Tout simplement parce que j’aime me poiler ! Et que je ne vois pas pourquoi un récit sérieux, dramatique, effrayant, ne pourrait pas être également bien poilant. Je ne suis pas un parodiste, non, je n’aime pas ça, les parodies. Mais quand je peux pousser quelqu’un dans l’escalier, surtout s’il porte un plateau avec du thé brûlant et une assiette du porridge, je ne m’en prive pas. Je sais qu’on n’aime pas trop ça en France. Il y a la comédie et la tragédie, deux genres réputés non miscibles, l’un sérieux et mature, l’autre léger et immature. Ainsi en ont décidé les grandes personnes. Mais bon, ce qu’on aime ou pas en France, je m’en balance…  Jab Renwick, c’est un mélange de Jack l’Éventreur et de Buster Keaton. Le genre de type qu’on voudrait inviter à la table d’un interminable repas de famille. Des décès suspects sont à prévoir.

Dans tes romans ou tes nouvelles, des enfants jouent souvent des rôles clefs. Dans Leçons du Monde Fluctuant il y a Kematia, dans Le Diapason il y a par exemple cette petite fille Ninon Külm (Maison-Monstre) qui est fascinante. Toutes les deux jouent en quelque sorte des rôles d’adultes ou se retrouvent projetées sur le devant de la scène.
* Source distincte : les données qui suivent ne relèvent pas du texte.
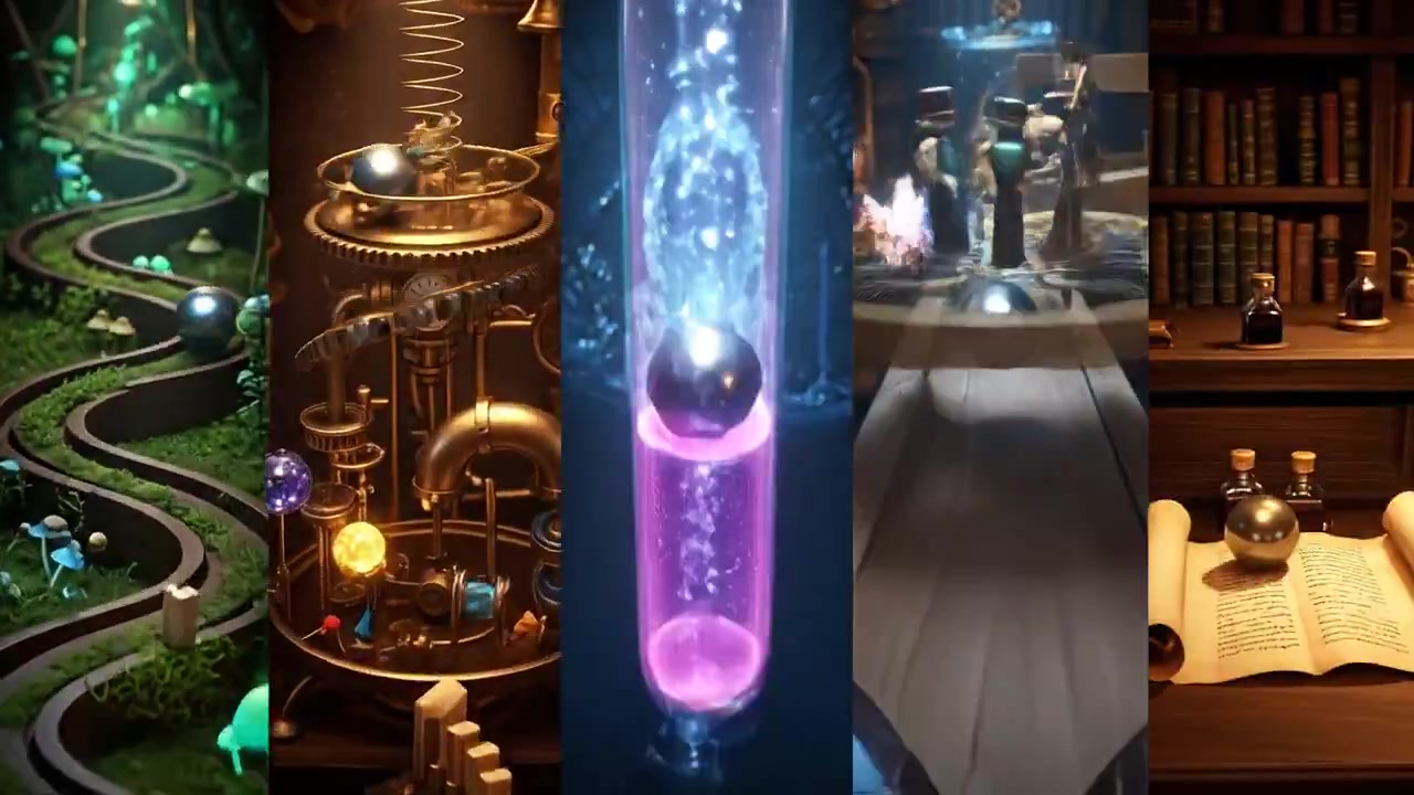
 ```A split-screen composition of five vertical panels, all shown simultaneously for the full sequence. Each panel is a continuous close tracking shot, as if a camera is fixed just behind a polished metal ball while it travels through a fantastical Rube Goldberg maze. Each panel shows its own ball on its own roller-coaster-like path of ramps, spirals, loops, and levers. The motion lasts from start to finish, with each ball completing its journey in that panel. All five panels remain active together. Panel 1: a glowing forest maze of mossy ramps and mushroom platforms, ending as the ball rides into a luminous tree hollow. Panel 2: a brass clockwork maze of gears, pendulums, and pipes, ending as the ball spins into a rotating gear cup. Panel 3: a crystalline maze of sparkling arches and mirrored ramps, ending as the ball drops into a radiant crystal bowl. Panel 4: a mechanical garden maze with butterfly wings and flower levers, ending as the ball lands on a glowing pedestal. Panel 5: a scholarly maze built of books, parchment ramps, and ink-bottle levers, ending as the ball rolls into a golden chalice. Camera: very close POV tracking directly behind each ball, smooth continuous motion, eye-level with the track, cinematic realism. Style: imaginative, hyper-realistic fantasy, unified color grading, magical realism. ```

Kematia est choisie pour mener un cortège hétéroclite, tandis que Ninon se trouve remplacer son père pour essayer de chasser les esprits qui peuplent une maison. Qu’est-ce qui t’attire dans la mise en scène d’enfants dans tes histoires ?
J’aime les enfants, j’aime leur compagnie, elle me pèse moins que celle, tellement ennuyeuse, des adultes. Ils ont toujours été présents au long de ma vie. Je souffre d’une empathie chronique à leur égard, et c’est donc assez naturel qu’ils occupent une place importante dans la plupart de mes récits. Notre époque, notre culture laisse à penser que nous sommes pleins de bienveillance pour les enfants. Je crois que c’est un pieux mensonge. Je vois sans cesse se manifester le mépris, la détestation, l’indifférence envers les gosses. Regardez à quel point leur parole est absente des médias ou seulement présente à la condition qu’elle corresponde aux attentes, en bien ou en mal d’ailleurs, des aînés. Notre horrible et égoïste désir d’immortalité se construit aux dépens des enfants. L’ombre de notre longévité les recouvre, les étouffe. Pour eux, nous devrions réapprendre à mourir.